This paper is organized as follows. Section 2
presents an overview of our approach, threat model, and assumptions.
Section 3 describes the
design of the CATS
state management toolkit and storage service. Section 4 outlines
the details of our prototype
implementation, while Section 5 presents experimental
results with the prototype. Section 6 sets our work
in context with related work, and Section 7 concludes.
2 Overview
The CATS network storage service
is a building block for distributed
applications or services.
Its purpose is
to act as a safe repository of state shared among the participants
(actors) of a distributed system, who are clients of the storage
service. The shared state guides the behavior
of the clients, and the clients may affect the
group through updates to the shared state.
The clients may represent a community of users, who
are responsible for their updates.
CATS supports the core
functions of a network file system.
Clients can create, read, and write opaque
objects identified by unique identifiers (oids).
Each write request
generates a new version of an object.
Versions are named by monotonically increasing timestamps of
the writes that created them. Reads
retrieve the most recent version of the object.
A client may also request a prior version of an object
that was valid at a specified time.
We have limited our focus to essential object
storage functions: for example, in its present form,
CATS does not support nested directories, symbolic names
or links, renaming, partial reads or writes,
truncates, or appends.
2.1 Threat Model
The strong accountability property provides clients with the
means to verify that the server protects the integrity
of the shared state: read responses correctly
reflect the valid writes issued by the clients.
Moreover, the system can assign provable responsibility
for an object version to the client that issued the
write for that version.
To define the threat model, we specify the properties of
a correctly executing storage service.
- Authenticity and undeniability. The service executes
writes issued only by
properly authorized clients. A client cannot deny responsibility
for a write that it has issued.
- Freshness and consistency. Writes are applied in order,
and reads always return the
object version that was valid at the requested time (i.e.,
the version created by the previous write).
- Completeness or inclusion.
Writes are included in the service state and
are visible to other authorized clients.
A faulty storage server could
attempt to violate any of the
above properties. For example, it could accept writes from
unauthorized clients, improperly modify existing objects, or
replay earlier writes. In a more subtle attack the server could
acknowledge the completion of a write request but attempt to
conceal it from
other clients. The storage service or a client could attempt
to deny that it
executed or requested a completed operation. Table 1
lists possible attacks.
CATS does not prevent any of these forms
of misbehavior. In particular, it does not attempt to remove
the need for trust among clients and servers; trust
is essential for sharing and cooperation. Rather,
the philosophy of
our approach is: ``trust but verify'' [35].

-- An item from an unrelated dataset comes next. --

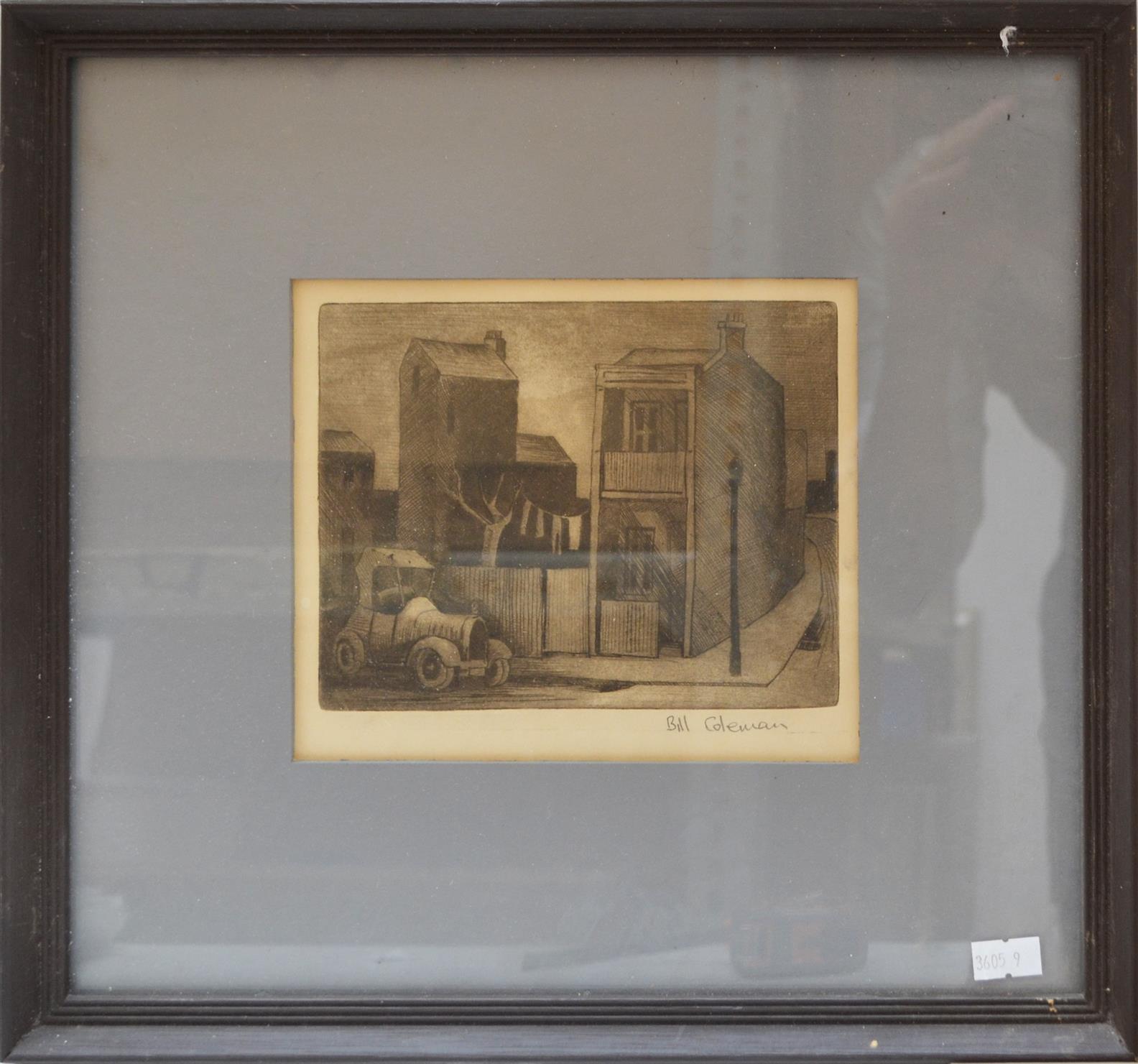 BILL COLEMAN, CAR AND HOUSE, ETCHING, 13 X 16CM, FRAME: 33 X 36CM, CONDITION: DISCOLOURATION, LEONARD JOEL DELIVERY SIZE: SMALL

CATS holds the storage server
and other participants accountable for their actions, so
that a faulty actor is exposed and isolated. Accountability
precludes an effective attack to subvert the behavior of
the overall system without unavoidable risk of detection.
Integrity also requires that an accountable system protect
its participants from false accusations of guilt.

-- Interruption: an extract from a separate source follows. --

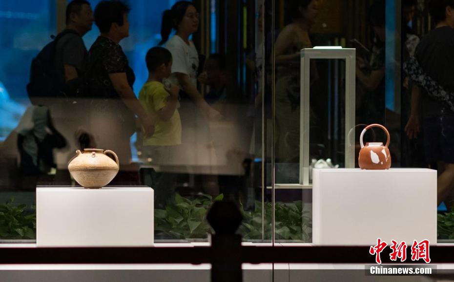 大報恩寺遺址博物館展出的五代時期青釉瓷執壺(左)、清代紫砂提梁壺(右)。泱波 攝

In CATS, a participant's guilt is cryptographically
provable to all participants.
CATS is compatible with read access controls.
However, violations of confidentiality are not part of the
threat model: a CATS server cannot be held accountable
for serving reads that violate the policy.
Table 1:
Summary of attacks and defenses.
Attack |
Defense |
Server fails to execute write or object create |
provable
detection |
Client repudiates object create or write |
provable
detection |
Server denies write or object create |
provable detection |
Client writes out of order |
rejected by server |
Server returns invalid read response |
provable detection |
Fraudulent or unauthorized writes |
provable detection with simple static ACLs;
relies on trusted external authorization server for richer policies |
Server replays or reverts valid writes, destroys objects,
reorders writes, or accepts out-of-order writes |
verifiable detection by challenge or audit |
Tampering & forking, or other variants of above attacks
on data integrity |
verifiable detection by challenge or audit |
Violation of privacy or read access policy |
no defense |
|
2.2 Trust Assumptions
Table 2 lists the components of a CATS service.
The accountability properties of the system rest on correct
functioning of two core elements.
Asymmetric cryptography. Each actor can sign its requests
using at least one asymmetric key pair bound to a
principal; the public key is distributed securely to all actors,
e.g., using a Public Key Infrastructure (PKI). Digital signatures
ensure integrity, authenticity, and non-repudiation of actions.
Secure authentication is
the core trust assumption in our system. If keys are compromised,
then an actor may be falsely held accountable for actions it
did not take. Note, however, that an attacker cannot misrepresent
the actions of any actor whose key it does not possess, and
any actions it takes with a stolen key can be traced to that key.
Even so, a successful attack against a trusted PKI root would
open CATS to subversion by the attacker; thus a PKI
constitutes a Trusted Computing Base in the traditional sense.
External publishing medium. Each actor has a means
to publish a digest of its state periodically. A digest is a
secure hash over the actor's state at a point in time.
Digests are digitally signed,
so an actor cannot repudiate previous claims about its
state. Only the storage server publishes digests
in the accountable storage service example.
Each actor
must have independent access to the history of published digests
in order to validate proofs independently.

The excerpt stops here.